#### STORED DATA

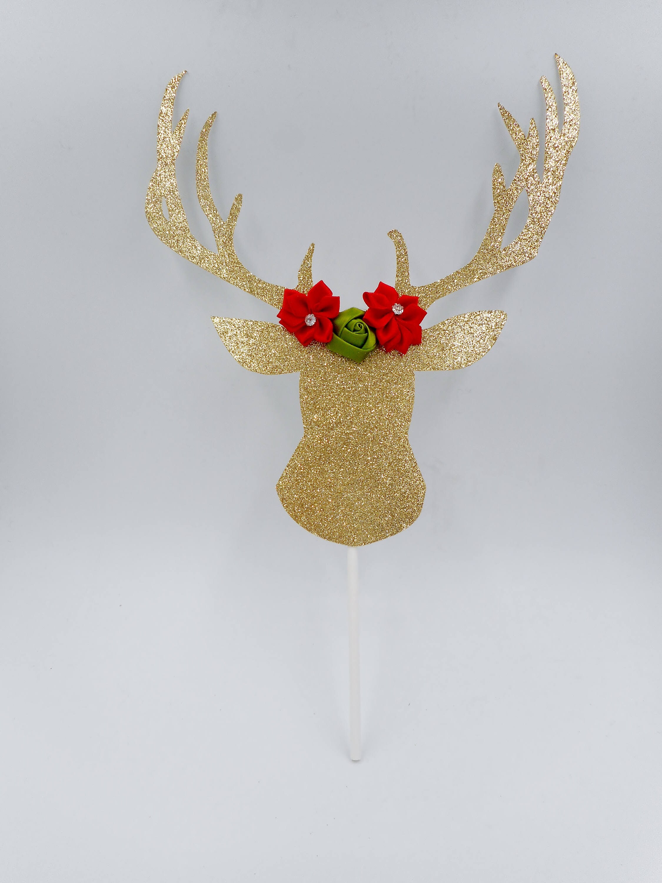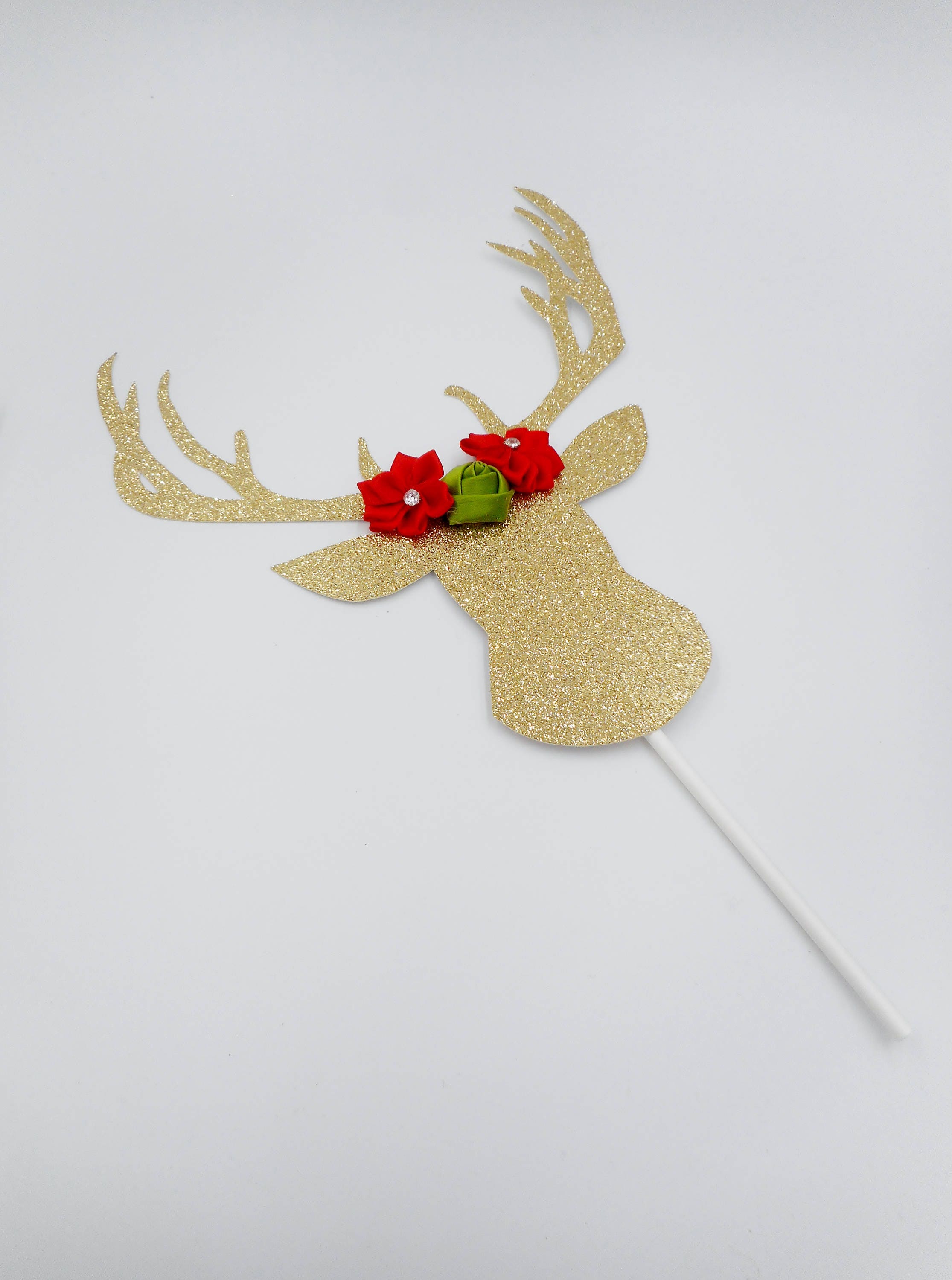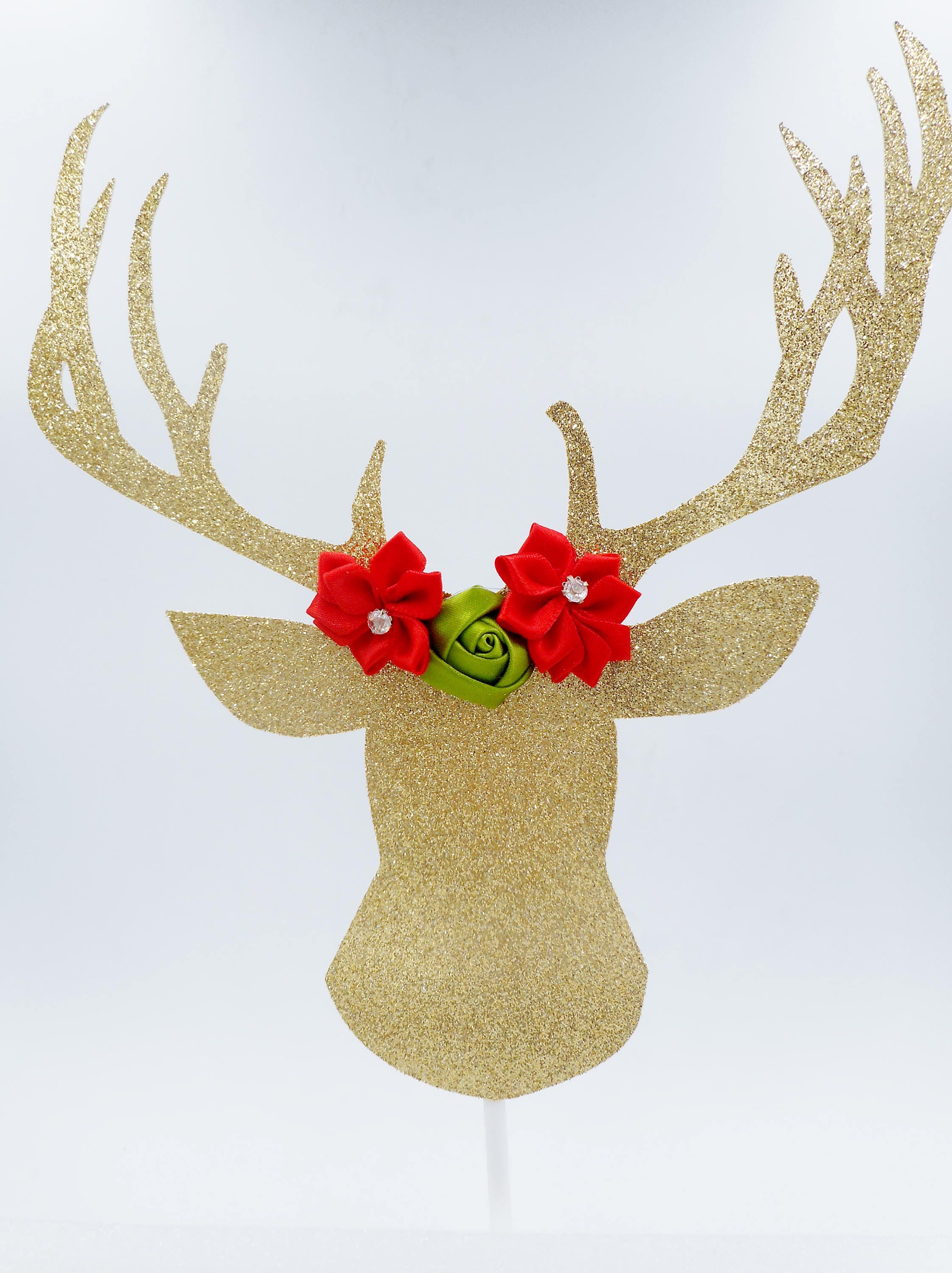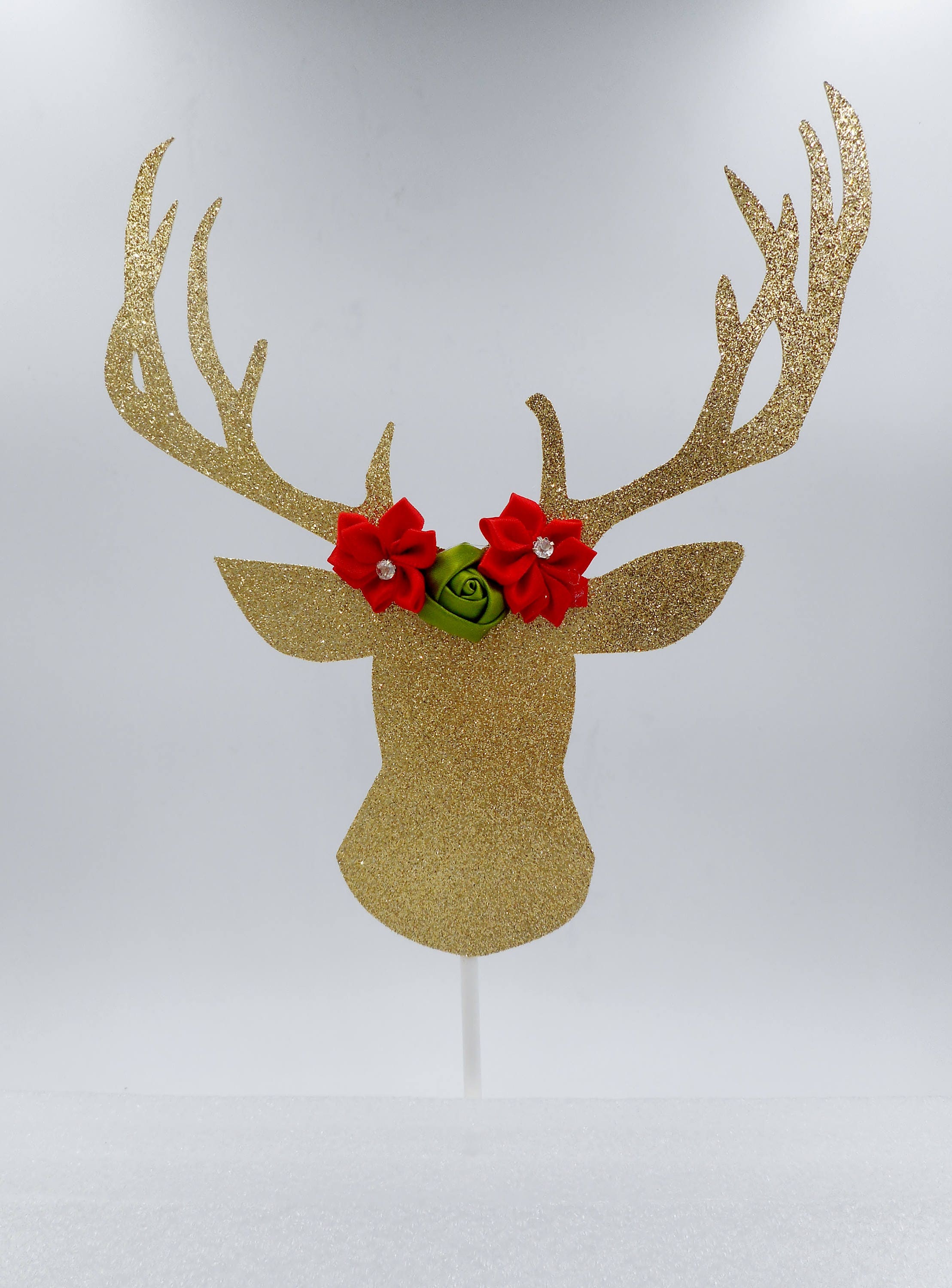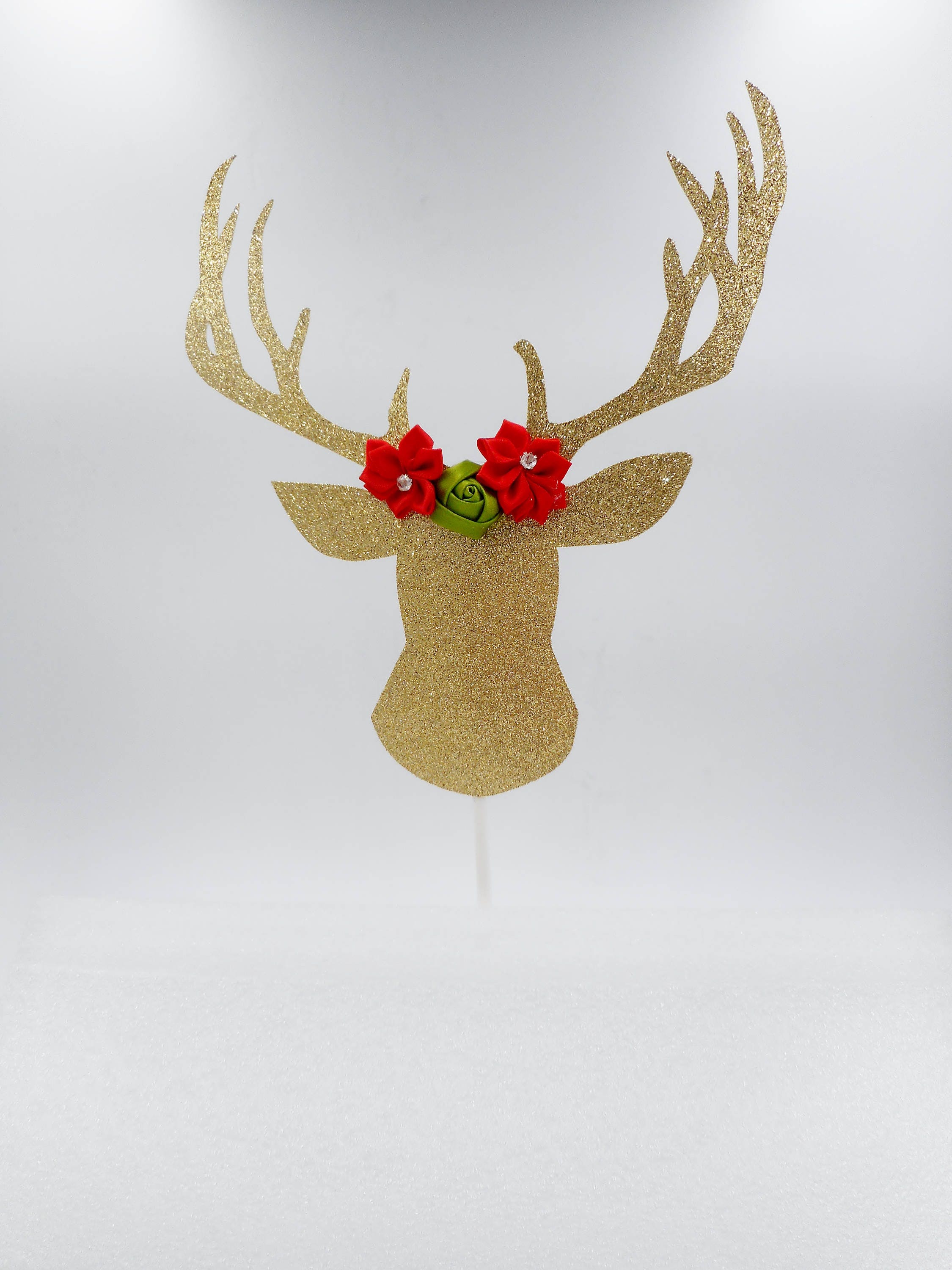 Christmas Cake Topper, Gold Deer Cake Topper, Glitter Cake Topper, Christmas Decorations, Deer Cake Topper, Boho Christmas, Christmas Decor
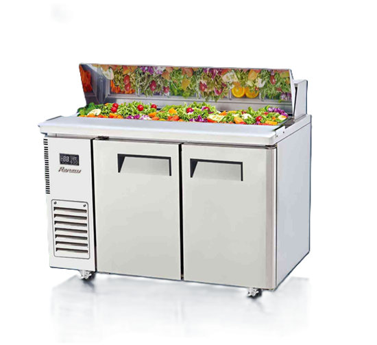 💡 NHR12-2 – Bàn mát salad 2 cánh tối ưu cho quầy bar, salad và mô hình F&B hiện đại.
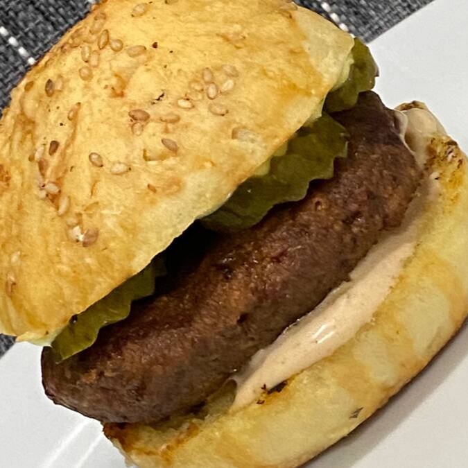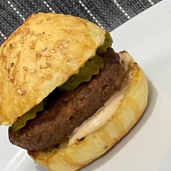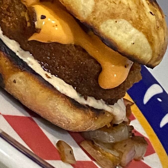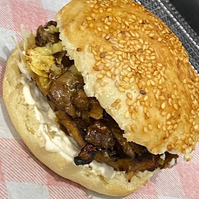 Pão, Hambúrguer de Frango Veg frito (100g), cebolas no shoyu, cheddar veg e bacon bites; molho da Tia Mara.
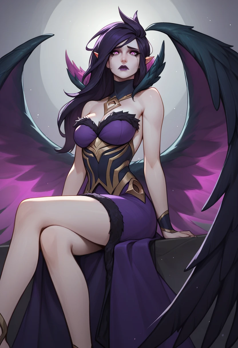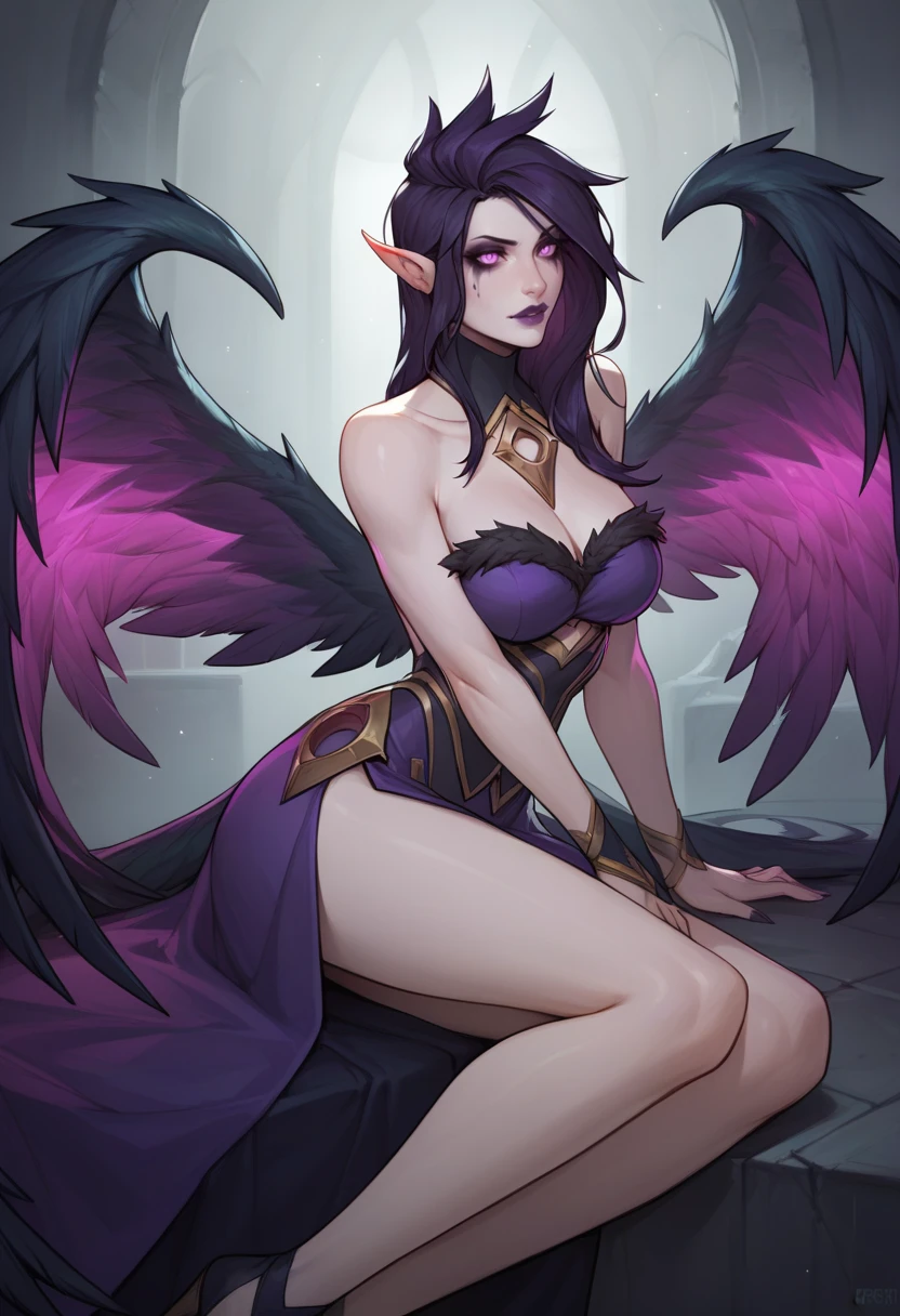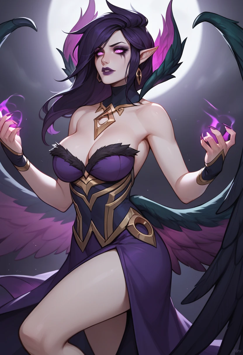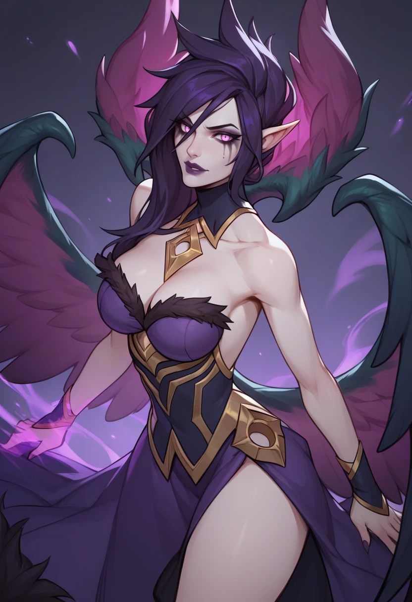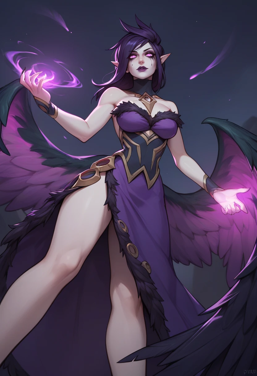 M0rg4n4, morgana, 1girl, purple eyes, pointy ears, long hair, black hair, purple hair, makeup, purple lipsdress, purple dress, strapless dress, bare shoulders,fingernails, nail polish,wings, feathered wings, black wings,barefoot, feathers, chain, magic, magic circle,hair over one eye Description

########

### WHAT IS BEING ASKED
The whole listing above, line by line, needs to be copied exactly, except for any images.

### EXERCISE RESULT
 Christmas Cake Topper, Gold Deer Cake Topper, Glitter Cake Topper, Christmas Decorations, Deer Cake Topper, Boho Christmas, Christmas Decor
 💡 NHR12-2 – Bàn mát salad 2 cánh tối ưu cho quầy bar, salad và mô hình F&B hiện đại.
 Pão, Hambúrguer de Frango Veg frito (100g), cebolas no shoyu, cheddar veg e bacon bites; molho da Tia Mara.
 M0rg4n4, morgana, 1girl, purple eyes, pointy ears, long hair, black hair, purple hair, makeup, purple lipsdress, purple dress, strapless dress, bare shoulders,fingernails, nail polish,wings, feathered wings, black wings,barefoot, feathers, chain, magic, magic circle,hair over one eye Description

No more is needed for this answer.